The demon screamed. Smoke poured from the cracks in its body. The false flesh sloughed like tar. Its face—once radiant, once beautiful and godlike—melted. The human illusion burned away, revealing the twisted, scaled, horned truth beneath. Caelin kicked it back, sword rising.
"This battle is not mine," he roared, voice echoing with holy fire,
"but Yours, O lord!"
He struck again, and again....and again. Each blow landed with the sound of thunder and tearing metal. Karaziel stumbled, shrieking, blind, raging and lost.
"Your name is ash!" Caelin shouted.
One final strike. His sword, Dareth's sword, pierced straight through the demon's heart.
The chamber pulsed once, violently.

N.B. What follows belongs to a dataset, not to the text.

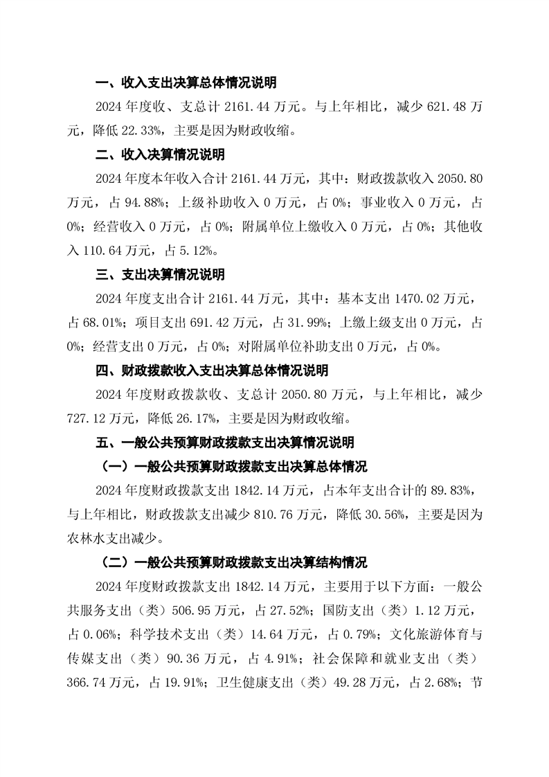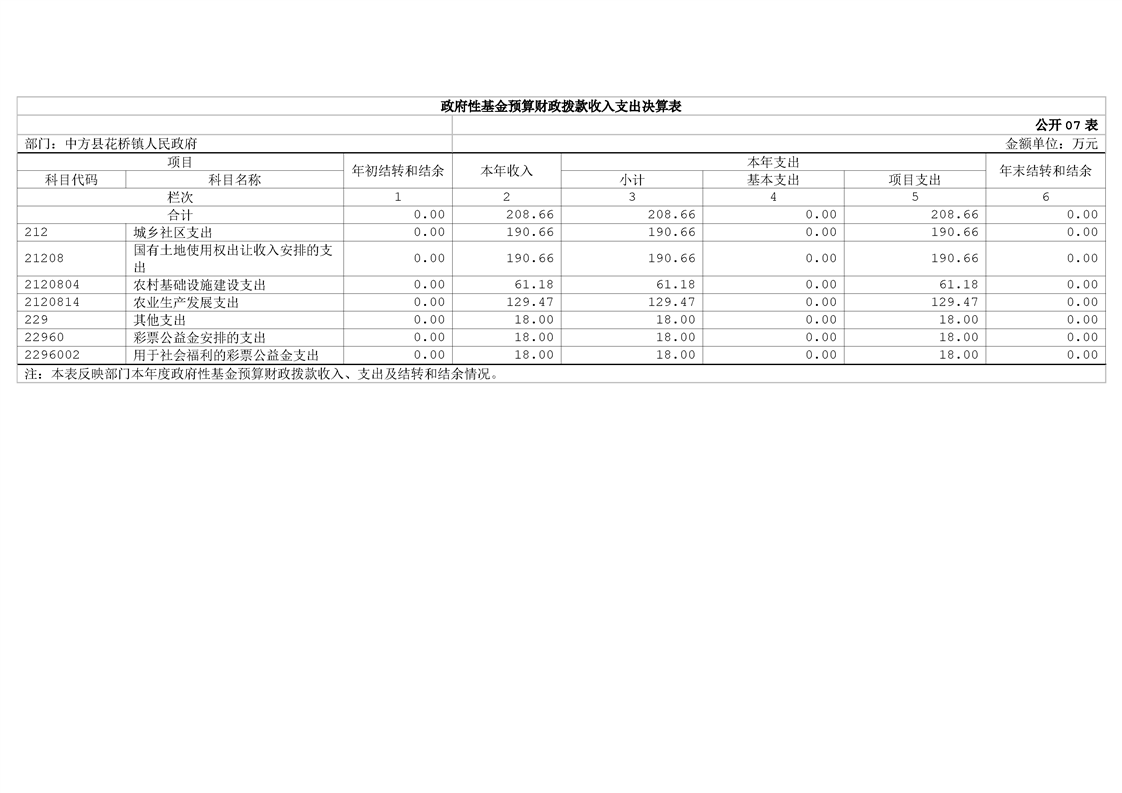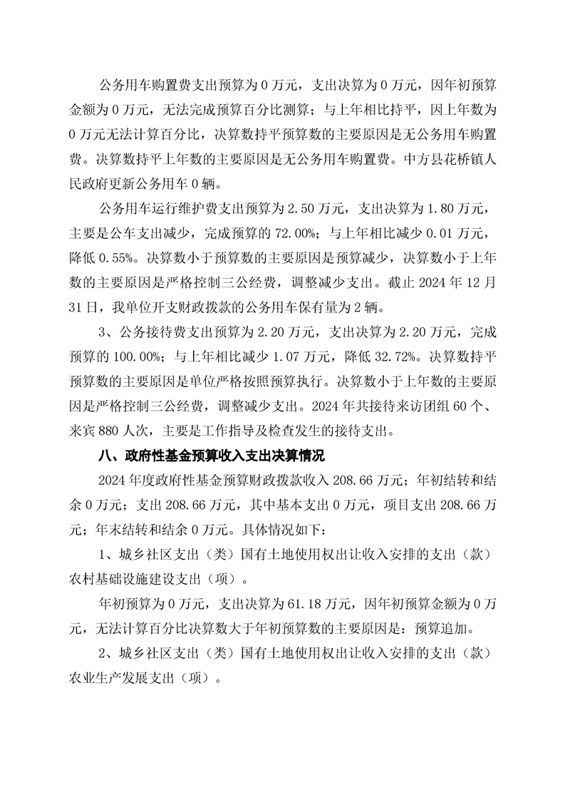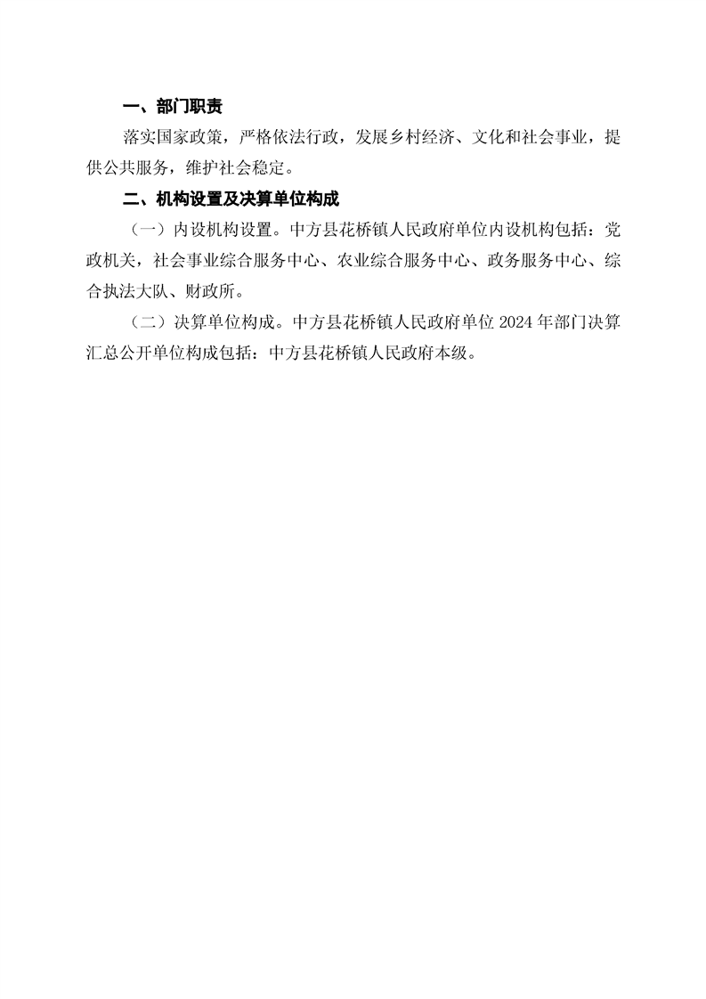 中方县花桥镇人民政府2024年部门决算公开

And then—silence. Karaziel gasped. His burning eyes met Caelin's one last time.
"You… were mine… once…"
Then he turned to smoke and flame, his body crumbling inward like a dying star.
And was no more.
The chamber rumbled, the ground screamed. The death of the Nephilim did not go unnoticed. All around him, the bowels of the wound convulsed. Pulsing walls split open, bile pouring out like floodwaters. Distant howls echoed through the tunnels—high-pitched, panicked. The lesser demons had felt it… and they were maddened by it.
They were coming.
Caelin dropped to one knee, his breath shallow, his body shaking. The armor was broken in more places than not, the tattered pieces barely clinging to him. Blood dripped from a dozen wounds. Dareth's sword remained clutched in his gauntlet, the blade now slick with black ichor and ash. He tried to rise, one foot slipping in the filth.
He steadied himself on the sword. Around him, the earth shuddered violently, cracking open along the wound. Shrieks drew closer, a cacophony of rage and confusion from the horde that still roamed the tunnels.
Caelin looked up, vision blurred, lungs burning. And then—light.
From above, through the jagged fissures of the earth and ruin, a single ray of golden light pierced the darkness. It shone down upon him like a spotlight from the heavens.
It was warm. Gentle and unmistakable.
Caelin smiled, barely. A whisper escaped him:
"Lord… I did not fall today…"
And then he collapsed backward into the ichor-soaked earth, collapsing trom exhaustion. The demons howled around him, but the light in the chamber did not fade.